Cost: 375 dirham ($50 CAD) for a family room, breakfast included.
Where we Ate: Rabbit Tajine at Tiznit
This came recommended by Aziz at our Riad. It was good Moroccon food. The tajine was flavourful but our favourite was the olives!
What we Did:
Jemaa el Fnaa – this is a must see, although I was expecting it to be busier than it was. It really was just a number of juice stalls in the middle, snake charmers on one side, and monkey handlers on the other side. It was interesting enough for the girls to visit twice!
Cost: Free to visit but pictures should be about 20 dirham ($2.50 CAD).
Medersa Ben Youseff – The architecture and attention to detail are amazing, well worth a visit. I had a small heart-attack every time the girls leaned out a window, but they loved it!
Cost: 20/10 dirham for adults/kids ($2.50/$1.25 CAD)
Tannery – I’m glad we found the little Berber shop where we could view the large Berber tanner from above. The small Arabic tannery we walked through was stinky enough, I can’t image the stench of the large one! The leatherwork was stunning and of very high quality. I’ll ensure I have room in my suitcase for a stop here on a future trip.
Cost: Technically free but we tipped the man 20 dirham ($2.50 CAD) who showed us the way, and bought something from the berber co-op.
Palais Bahia – I think we could have done either this or the Medresa, but the girls enjoyed seeing the Palace. It was quiet and the shade provided a bit of respite from the sun.
How we got around: Train, taxi and walking.
The train from the airport to Marrakesh was easy and efficient. It’s about 3.5 hours with one change at the very first stop after the airport. There are a number of different types of carriages; 8 person rooms, 4 people to a table on each side of the car, or normal rows of chairs. We travelled second class. First class had a similar layout just with less people crammed in!

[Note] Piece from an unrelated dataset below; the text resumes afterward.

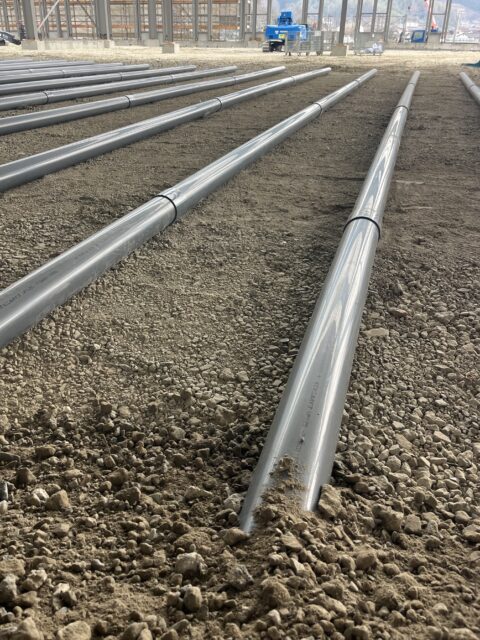 こちらの現場は面積も広く、凍上防止用のパイプを約500本近く配管しています。

Cost: One-way from the airport to Marrakesh is 150/75 Dirham ($20/$10 CAD) adult/kid. Our trip was cheaper on the way back as they didn’t charge us for Kaisa!

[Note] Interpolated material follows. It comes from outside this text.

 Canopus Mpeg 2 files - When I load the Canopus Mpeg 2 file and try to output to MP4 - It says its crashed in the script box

We took a taxi from the train station to the Medina and back again. The small taxis can only take 3 people (including children) so we had to take a larger car. There’s a fixed price of 50 dirham for the large taxis travelling between the Medina and Train station so no haggling was required, thankfully!
Cost: 50 dirham ($6.50)
Walking is the best way to get around the Medina. Luckily it wasn’t too hot and the girls were troopers. My recommendation is to download an offline map of Marrakesh, ping your hotel, and then just wander. There’s always someone willing to direct you to anywhere for a price, but google maps makes it easy to do on your own.